L’ultima giornata del nostro addestramento si è svolta in aula. I temi trattati sono stati parecchi…abbiamo parlato delle caratteristiche di gas e miscele e delle rispettive conseguenze che possono avere sul nostro corpo a certe profondità. Inoltre, per la prima volta abbiamo affrontato l’argomento della Minimum Deco: una nuova strategia di risalita che ha completamente stravolto le nostre conoscenze in ambito subacqueo fornendoci i mezzi utili per abbandonare il computer e diventare finalmente dei subacquei pensanti. Ho notato con piacere che oltre a noi, in aula, erano presenti anche persone che avevano già frequentato il corso Essential tempo prima, desiderose di riprendere questi interessanti concetti.
Mattina e pomeriggio sono trascorsi troppo velocemente, nonostante la stanchezza sarei rimasta lì ad ascoltare la lezione di Flavio ancora per ore ed ore. Infine, quando mi sono resa conto che le mie quattro bellissime giornate di corso erano giunte a termine ho provato un senso di tristezza.
Grazie a quest’esperienza ho imparato tante cose nuove, cambiato il mio modo di vivere la subacquea ed ho incontrato persone speciali, Flavio, Fabio, i miei compagni di corso, che mi hanno regalato due fine settimana indimenticabili.
Questo per me, oltre ad essere stato un corso indubbiamente molto impegnativo, è stato l’addestramento subacqueo piu bello, divertente e completo che abbia ricevuto...il mio punto di partenza verso la retta via..
L’obiettivo principale di un addestramento Dir è ben diverso dal concludere il corso per ottenere subito la certificazione.
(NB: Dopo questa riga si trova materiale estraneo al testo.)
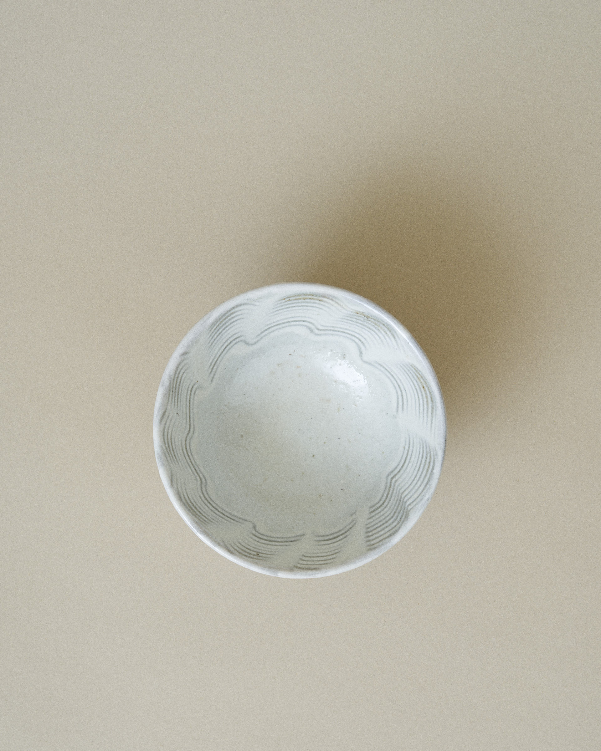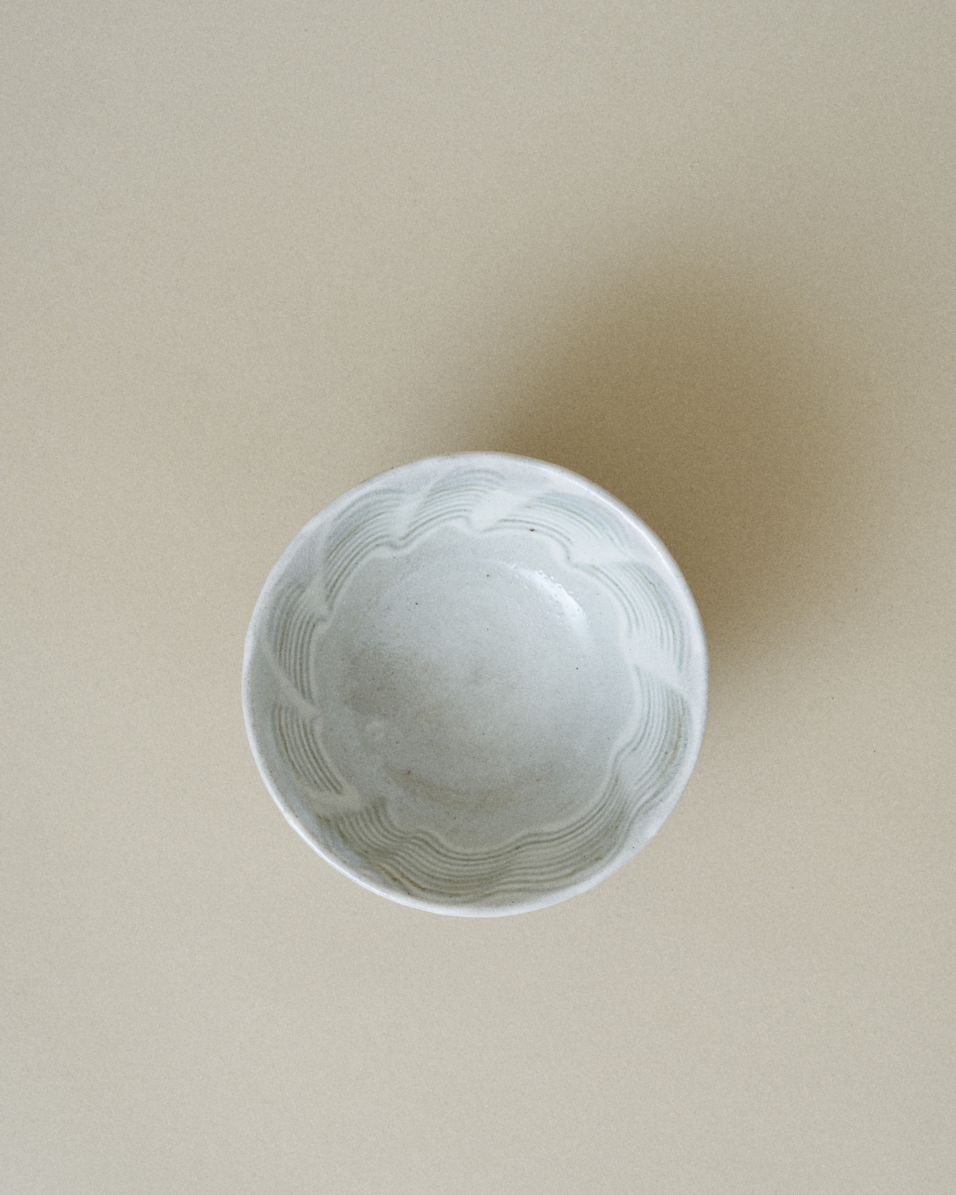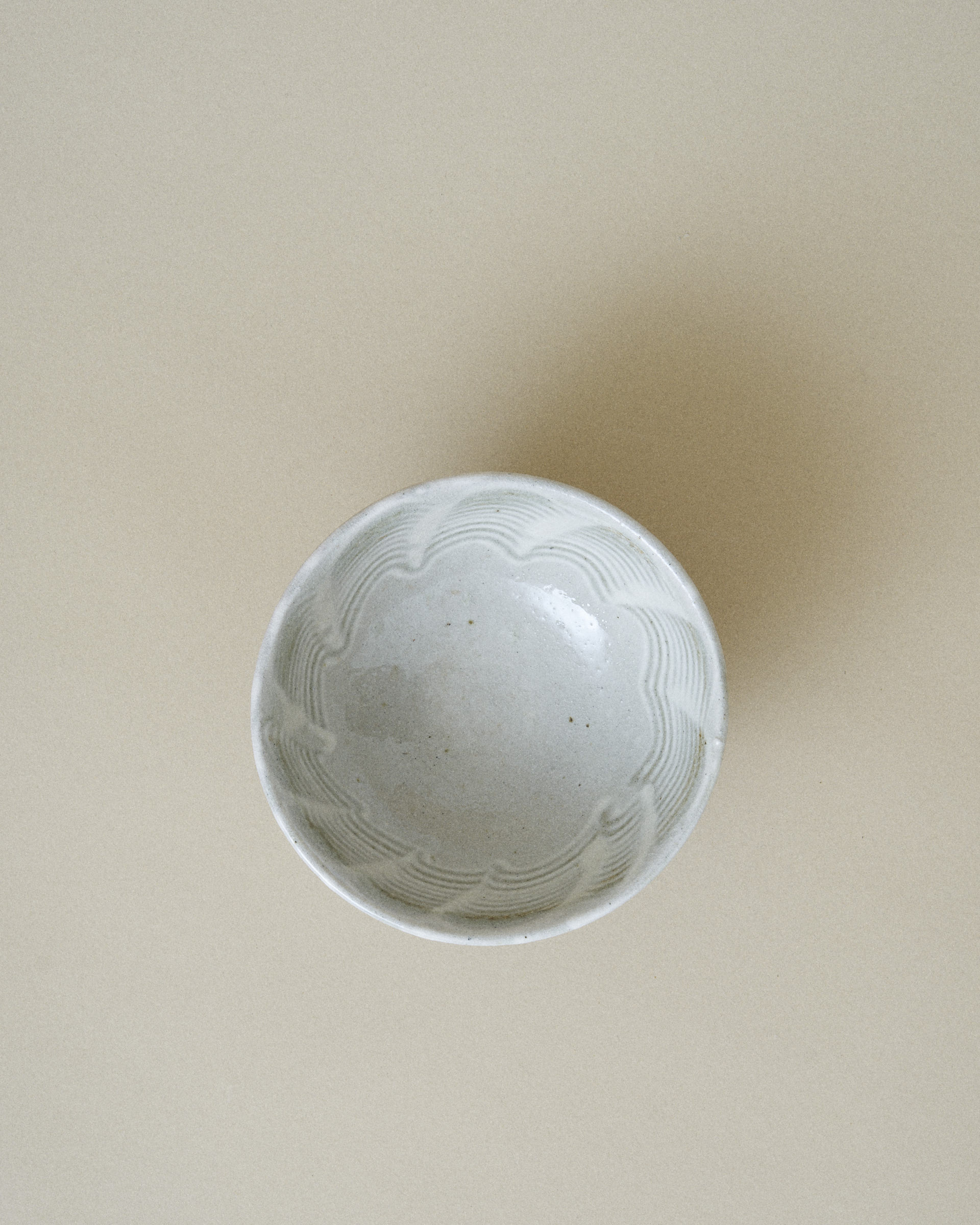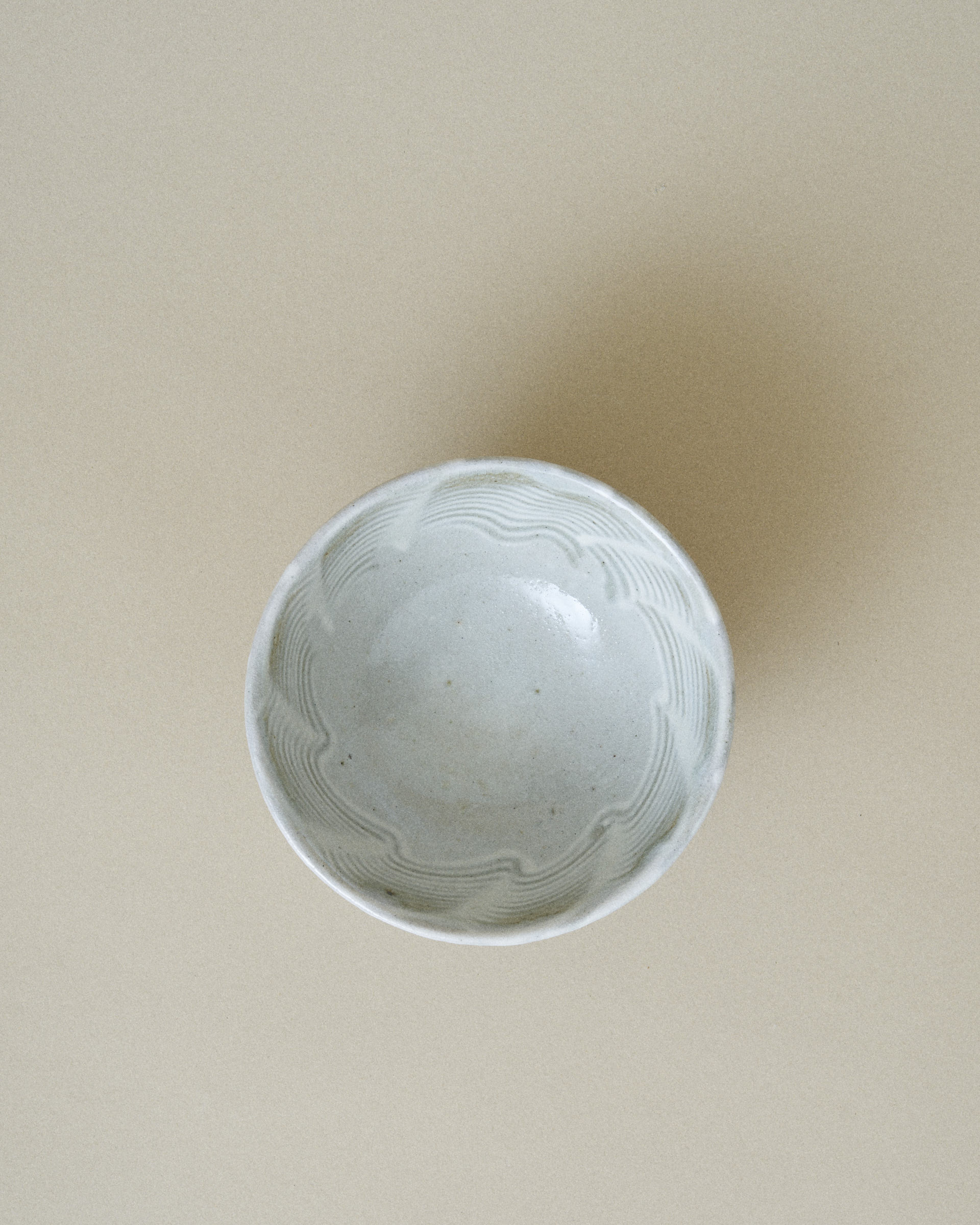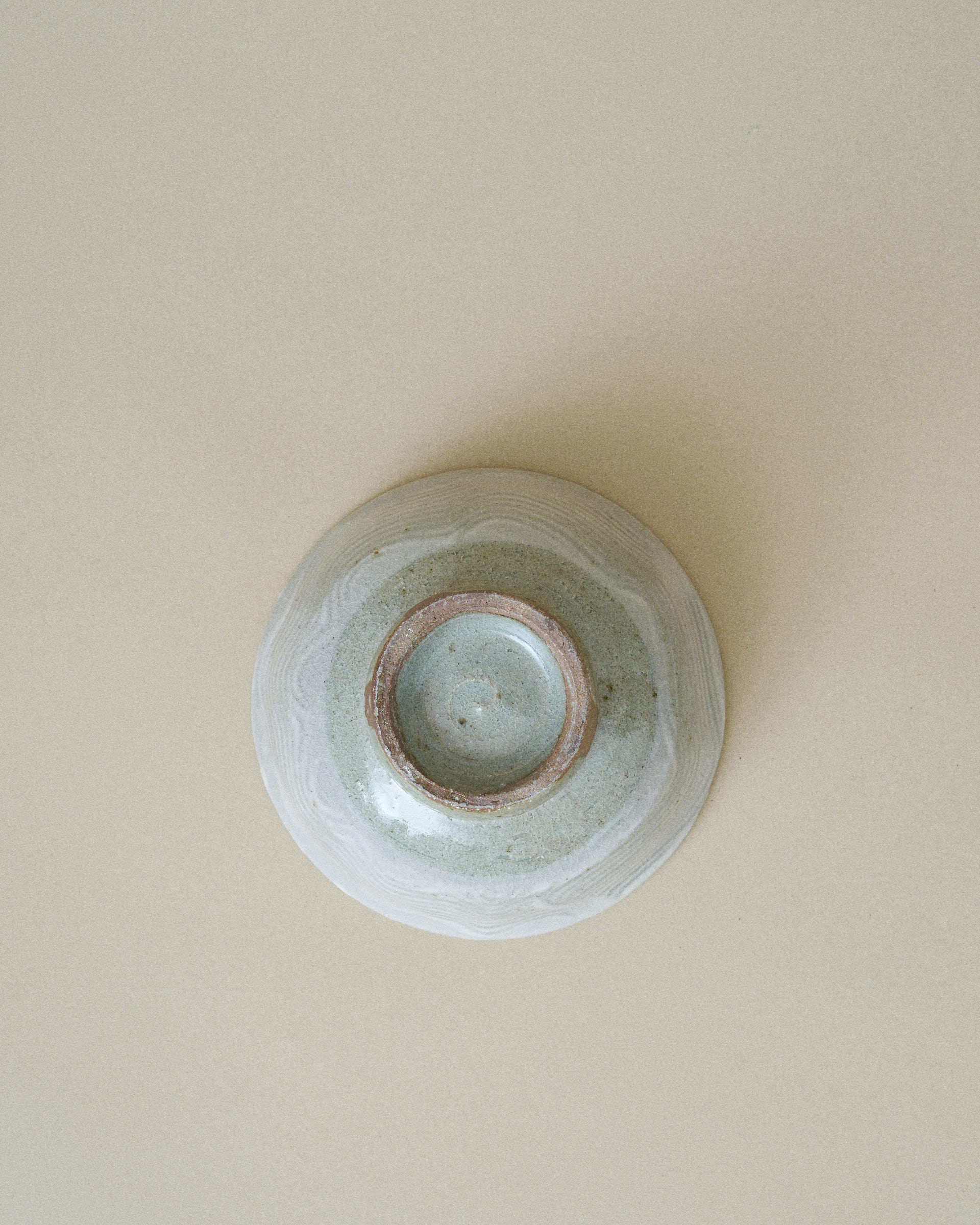 This bowl is finished with a gentle grey glaze touched by a hint of jade. Over the surface, white slip has been applied both inside and out and then combed into a flowing wave pattern, creating movement and texture. The lines bring a sense of rhythm and spontaneity, making each piece uniquely expressive.

Se alla fine delle lezioni pensi di tornartene a casa con un brevetto ti sbagli, questo è solo il trampolino di lancio verso il successo…Flavio ti fornisce le carte vincenti poi sta a te giocarti la partita. Per questo è importante praticare sempre un allenamento costante, abbracciando il concetto chiave della filosofia Dir che si fonda sull’addestramento continuo, esercizi, esercizi ed ancora esercizi che, contrariamente a quanto possa pensare chi non conosce questo mondo, rendono le tue immersioni infinitamente divertenti!!!
Così da aprile ho trascorso quasi tutte le domeniche in acqua esercitandomi con skills, s-drill, valve drill, ascent e lancio del pallone, finchè il 31 agosto sono tornata a Godego, insieme a Flavio e Fabio per la verifica…
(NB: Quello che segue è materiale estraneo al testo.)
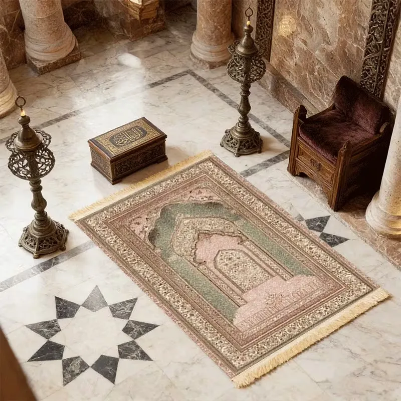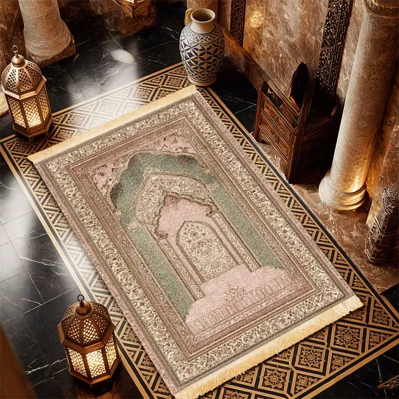 Luxury thick prayer mat with soft flannel surface and sponge base. Foldable, machine washable, and durable with tassels, ideal for home indoor prayer corners or prayer rooms for comfortable worship.

Nonostante la forte ansia da prestazione, grazie al mio allenamento costante, sono riuscita a superare la prova. Con grande soddisfazione e gioia, anche se ancora non ci posso credere, adesso posso definirmi finalmente un subacqueo Dir!
Con queste righe ho cercato di riassumere i punti essenziali del mio percorso e le mie impressioni generali, anche se in realtà ci sarebbero ancora un’infinità di cose interessanti da dire e da approfondire…
Per concludere voglio dare un consiglio personale e sincero a tutti i subacquei che ancora non conoscono questo nostro meraviglioso mondo Dir: se davvero nutrite una forte passione per la subacquea, fatelo nel modo giusto scegliendo un corso Essential.. è senza ombra di dubbio il regalo più bello che potete farvi!